Accurate low-rank matrix recovery from a small number of linear measurements

TL;DR

This paper analyzes the theoretical guarantees of nuclear-norm minimization for recovering low-rank matrices from limited noisy linear measurements, extending previous results to provide near-optimal sample complexity and error bounds.

Contribution

It refines existing theoretical results by establishing near-optimal sample bounds and error guarantees for nuclear-norm minimization in low-rank matrix recovery.

Findings

Nuclear-norm minimization achieves stable recovery with nearly minimal samples.

The method provides order-optimal error bounds in noisy settings.

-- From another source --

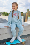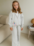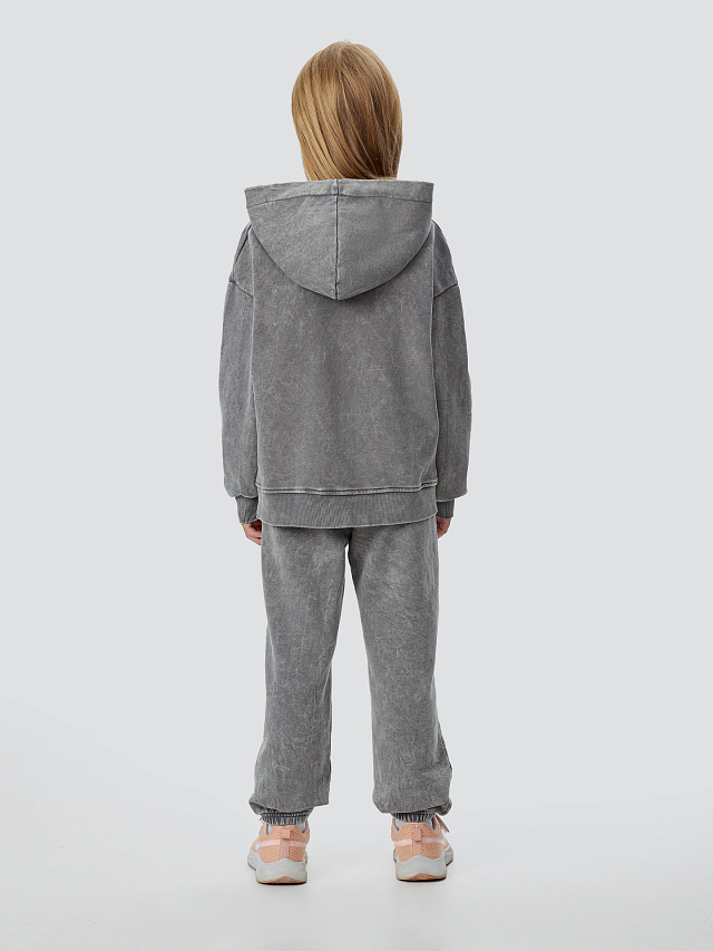 Серый костюм для девочек с обработкой acid wash — это стиль и комфорт для вашей малышки. Acid wash — это особая техника, которая создает мягкие размытые эффекты и винтажный вид. Каждый комплект уникален благодаря неравномерному окрашиванию, ткань становится особенно мягкой, а рисунок не выцветает со временем.

Theoretical analysis applies to a class of random linear measurements.

Abstract

We consider the problem of recovering a lowrank matrix M from a small number of random linear measurements. A popular and useful example of this problem is matrix completion, in which the measurements reveal the values of a subset of the entries, and we wish to fill in the missing entries (this is the famous Netflix problem). When M is believed to have low rank, one would ideally try to recover M by finding the minimum-rank matrix that is consistent with the data; this is, however, problematic since this is a nonconvex problem that is, generally, intractable. Nuclear-norm minimization has been proposed as a tractable approach, and past papers have delved into the theoretical properties of nuclear-norm minimization algorithms, establishing conditions under which minimizing the nuclear norm yields the minimum rank solution. We review this spring of emerging literature and extend and refine previous theoretical results. Our focus is on providing error bounds when M is well approximated by a low-rank matrix, and when the measurements are corrupted with noise. We show that for a certain class of random linear measurements, nuclear-norm minimization provides stable recovery from a number of samples nearly at the theoretical lower limit, and enjoys order-optimal error bounds (with high probability).